Mon Apr 12 06:28:30 PDT 2021

dmgreen added inline comments.

================
Comment at: llvm/lib/Target/ARM/ARMBaseInstrInfo.h:370
+           MI->getOpcode() == ARM::t2DoLoopStartTP ||
+           MI->getOpcode() == ARM::t2WhileLoopStartLR;
   }
----------------
malharJ wrote:
> dmgreen wrote:
> > Please split this out into a separate review. I think it makes sense (I'm pretty sure I remember writing it, it must have been lost in a refactoring).
> Do you mean just this single line update as a separate review ?
> 
> 
Yeah... it should preferably be a separate patch. Do you have a test case? Some reason why you changed it?

================
Comment at: llvm/lib/Target/ARM/ARMISelLowering.cpp:11282
+    TpExit = BB->splitAt(MI, false);
+    if (TpExit == BB) {
+      assert(BB->canFallThrough() &&
----------------
malharJ wrote:
> dmgreen wrote:
> > When will this happen?
> This happens if MVE_MEMCPYLOOPINST is the only instruction in the block.
> splitAt() returns the same block if there is nothing after the instruction at which the split is done..
> 
> This happens when for loops are implicitly converted to memcpys, the memcpy call
> ends up being the only instruction in the preheader.
> 
> There is already a test case for this as test2 in llvm/test/CodeGen/Thumb2/mve_tp_loop.mir
> 
> 
OK. I thought it was more eager about putting branches on the end of blocks, even if they are fallthroughs.

================
Comment at: llvm/lib/Target/ARM/ARMISelLowering.h:55
     // ARM Specific DAG Nodes
-    enum NodeType : unsigned {
-      // Start the numbering where the builtin ops and target ops leave off.
-      FIRST_NUMBER = ISD::BUILTIN_OP_END,
-
-      Wrapper,      // Wrapper - A wrapper node for TargetConstantPool,
-                    // TargetExternalSymbol, and TargetGlobalAddress.

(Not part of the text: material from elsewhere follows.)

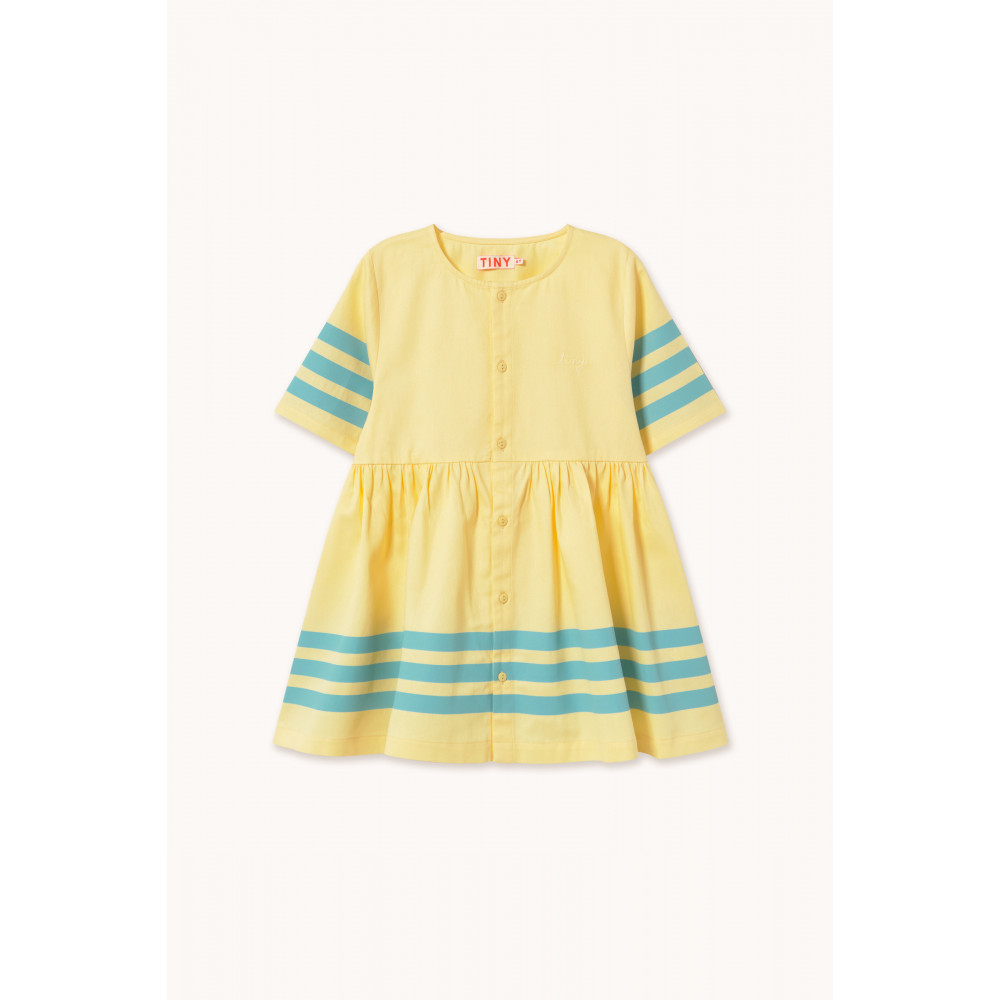 Ця коротка смугаста сукня світло-блакитного кольору на темно-жовтій основі пропонує свіжий, барвистий дизайн. З короткими рукавами, застібкою на ґудзиках спереду та легкою складкою на талії, вона поєднує в собі комфорт та стиль, а круглий виріз горловини забезпечує простий та універсальний вигляд.

-      WrapperPIC,   // WrapperPIC - A wrapper node for TargetGlobalAddress in
-                    // PIC mode.
-      WrapperJT,    // WrapperJT - A wrapper node for TargetJumpTable
-
-      // Add pseudo op to model memcpy for struct byval.
-      COPY_STRUCT_BYVAL,
-
-      CALL,         // Function call.
-      CALL_PRED,    // Function call that's predicable.

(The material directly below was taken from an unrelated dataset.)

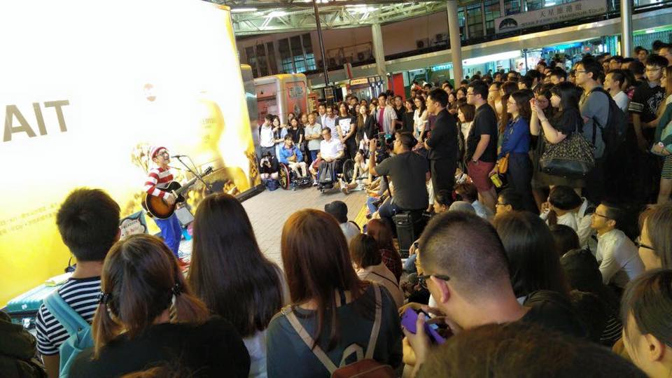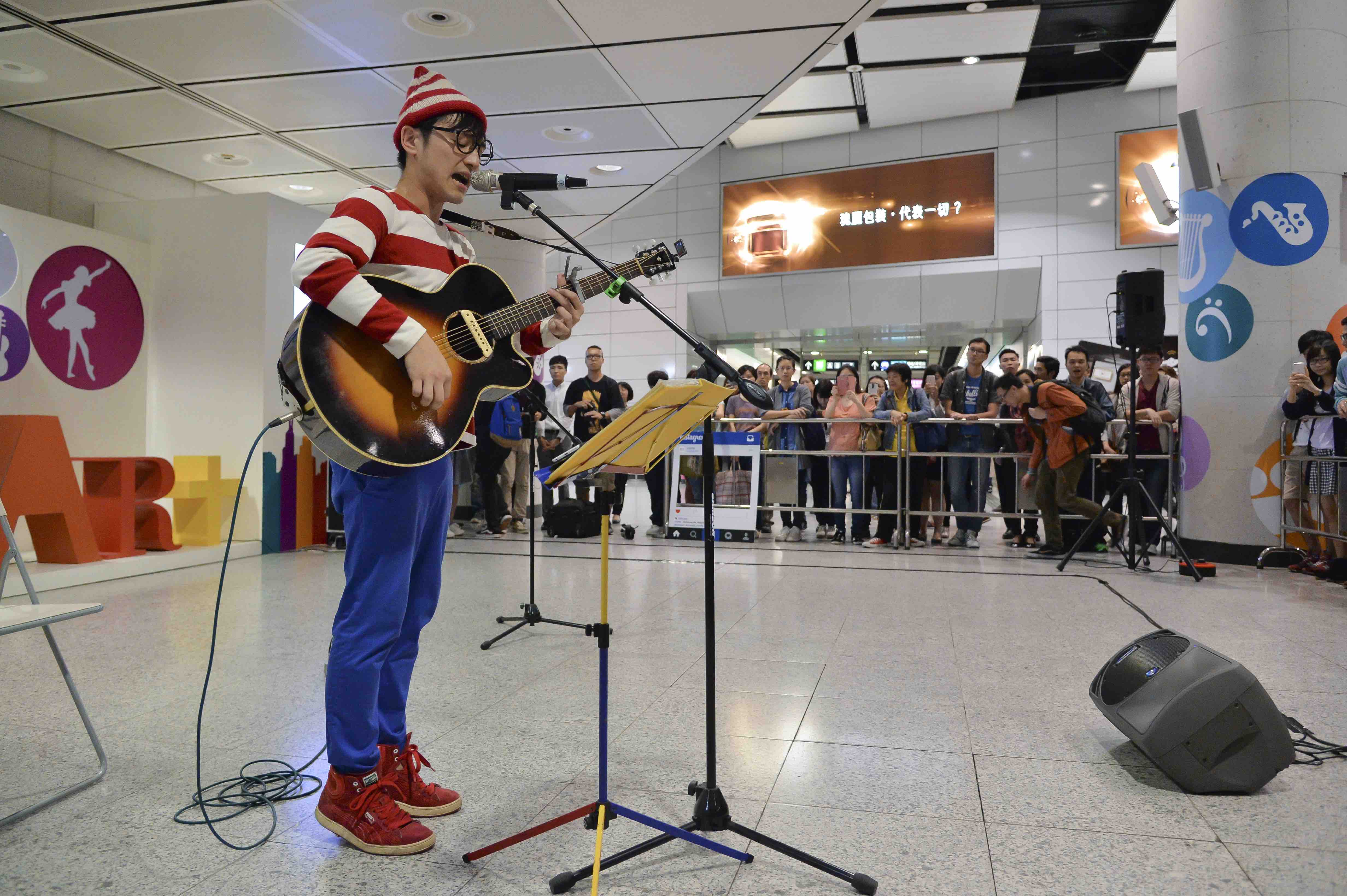 一向在街頭表演的Mr. Wally,昨日到港鐵香港站表演。

-      CALL_NOLINK,  // Function call with branch not branch-and-link.
-      tSECALL,      // CMSE non-secure function call.
-      BRCOND,       // Conditional branch.

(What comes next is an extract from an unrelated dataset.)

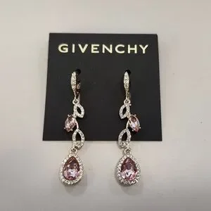 NWT Givency Gold-Tone Pink Vintage Rose Vine Linear Earrings. Never worn. No Returns. Item is as described/shown.

-      BR_JT,        // Jumptable branch.
-      BR2_JT,       // Jumptable branch (2 level - jumptable entry is a jump).
-      RET_FLAG,     // Return with a flag operand.
-      SERET_FLAG,   // CMSE Entry function return with a flag operand.
-      INTRET_FLAG,  // Interrupt return with an LR-offset and a flag operand.
-
-      PIC_ADD,      // Add with a PC operand and a PIC label.
-
-      ASRL,         // MVE long arithmetic shift right.
-      LSRL,         // MVE long shift right.
-      LSLL,         // MVE long shift left.
-
-      CMP,          // ARM compare instructions.
-      CMN,          // ARM CMN instructions.
-      CMPZ,         // ARM compare that sets only Z flag.
-      CMPFP,        // ARM VFP compare instruction, sets FPSCR.
-      CMPFPE,       // ARM VFP signalling compare instruction, sets FPSCR.
-      CMPFPw0,      // ARM VFP compare against zero instruction, sets FPSCR.
-      CMPFPEw0,     // ARM VFP signalling compare against zero instruction, sets FPSCR.
-      FMSTAT,       // ARM fmstat instruction.
-
-      CMOV,         // ARM conditional move instructions.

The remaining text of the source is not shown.